Grafana - Logs, Traces, and Metrics

In Grafana (and modern observability in general), Logs, Traces, and Metrics are known as the Three Pillars of Observability. They each serve a distinct purpose when monitoring and debugging applications.

Overview

Pillar	Question Answered	Grafana Backend
Metrics	"What is happening?"	Prometheus / Grafana Mimir
Logs	"Why did it happen?"	Grafana Loki
Traces	"Where is the bottleneck?"	Grafana Tempo

1. Metrics — The "What"

Metrics are numeric measurements recorded over time. They give you a bird's-eye view of the overall health and performance of your system.

Example:

cpu_usage_percentage{host="server-1"} 85.5

What it answers:

"Is there a problem right now?"
"What is the overall trend?" (e.g., "Our error rate just spiked from 1% to 15%," or "Memory usage is slowly creeping up.")

Characteristics:

Highly compressible and cheap to store for long periods
Very fast to query
Best choice for triggering Alerts and building high-level Dashboards

Grafana Backend: Prometheus or Grafana Mimir

2. Logs — The "Why"

Logs are discrete, timestamped text records of specific events that occurred within your application or system.

Example:

2026-04-08 10:15:02 ERROR [PaymentService] Connection refused to database db-cluster-1

What it answers:

"Why did this specific problem happen?"
Once a metric alerts you to a spike in errors, you look at the logs to find the exact error message or stack trace.

Characteristics:

Contains the deepest, most granular context about a specific event
Can be expensive to store at high volumes and slower to query than metrics

Grafana Backend: Grafana Loki — designed to be highly efficient by only indexing labels (much like Prometheus), rather than full-text indexing the entire log line.

3. Traces — The "Where"

A trace represents the end-to-end journey of a single user request as it travels through a distributed system (especially microservices). A trace is made up of spans, where each span represents a specific operation or service call.

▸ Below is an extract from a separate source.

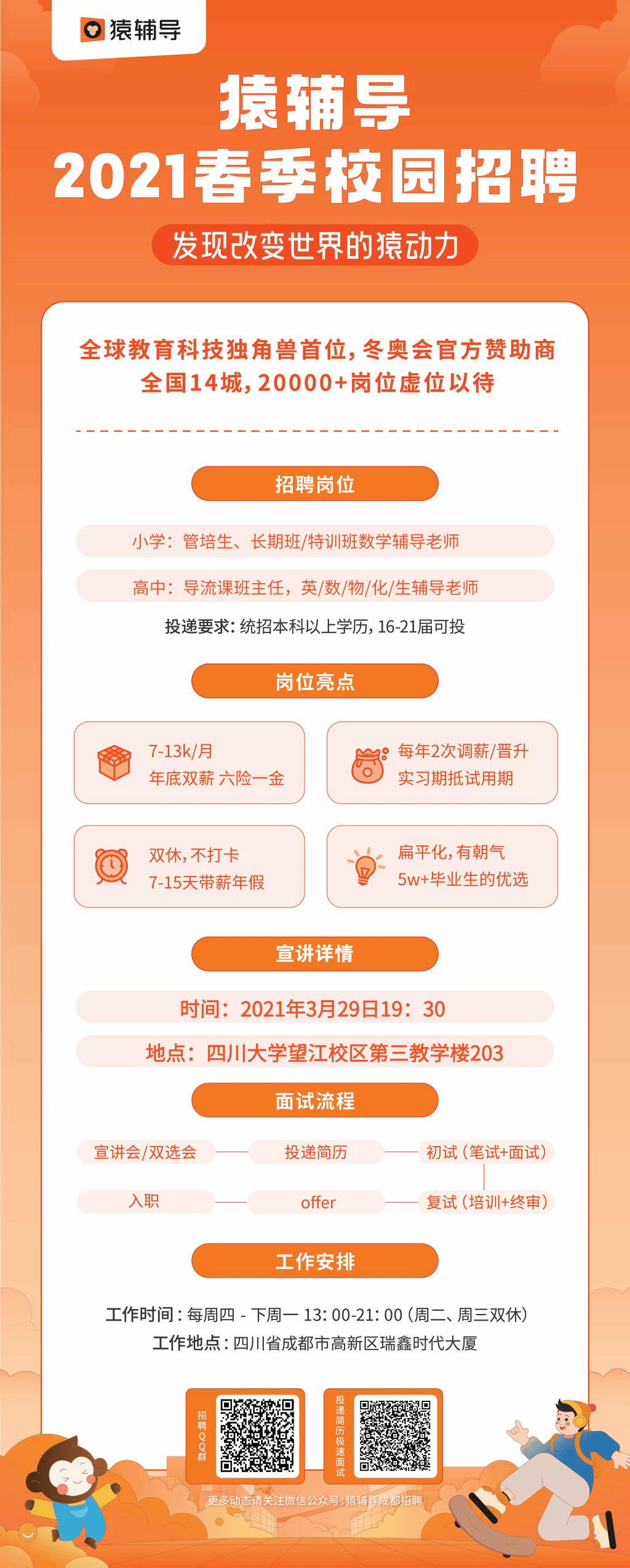 猿辅导成立于2012年,总部位于北京,目前在成都、武汉等 13个地区设立分公司,是国家级高新技术企业,公司成立7年来,员工上万名,获得来自腾讯、IDG资本、经纬中国等著名投资机构投资,目前估值超过155亿美元。成都分公司目前拥有超过2000人的团队及4000平的办公环境。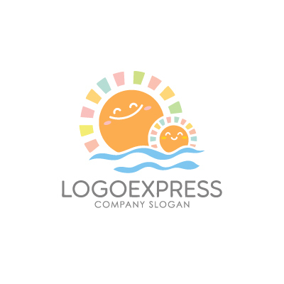 親子の太陽のような2つの太陽は、育成、愛情、親しみを表現し、企業が大切にしている温かい関係性をアピールします。波のデザインが、海、旅、そして自由を連想させ、新しい世界への挑戦をサポートする企業理念を表現します。全体的なパステルカラーの色使いが、ロゴ全体の印象を優しく、親しみやすいものにし、教育機関、子育て支援団体、旅行関連会社など、幅広い世代に安心感を与え、信頼を得たい企業におすすめです。

Example — a waterfall chart:

User Request      ████████████████████████  2.0s
  Auth Service    ██                        0.1s
  Billing Service ██████████████████████    1.9s
    DB Query      █████████████████████     1.8s

What it answers:

"Where exactly is the bottleneck?"
"Which specific microservice is causing the request to fail?"
If a user complains a page is slow, a trace shows you exactly which backend service or database query took the longest.

Characteristics:

Essential for debugging complex, distributed microservice architectures
Shows the relationship and timing between different services

Grafana Backend: Grafana Tempo

How They Work Together — The Debugging Workflow

A typical debugging workflow in Grafana seamlessly links all three pillars:

Metrics → Detect: You receive a Slack alert from Prometheus because the latency metric for your API spiked.
Traces → Isolate: You click the alert, which opens a Grafana dashboard. Using Exemplars (links from metrics to traces), you click on a specific slow request to view its Trace in Tempo. The trace shows you that the UserDatabase service took 5 seconds.
Logs → Root Cause: From that specific span in the trace, you click a button to view the Logs in Loki for that exact service, at that exact millisecond. The log reveals:
```
Query timeout: Index missing on table 'users'
```

Use Metrics to detect the issue, Traces to isolate where it happened, and Logs to find the root cause.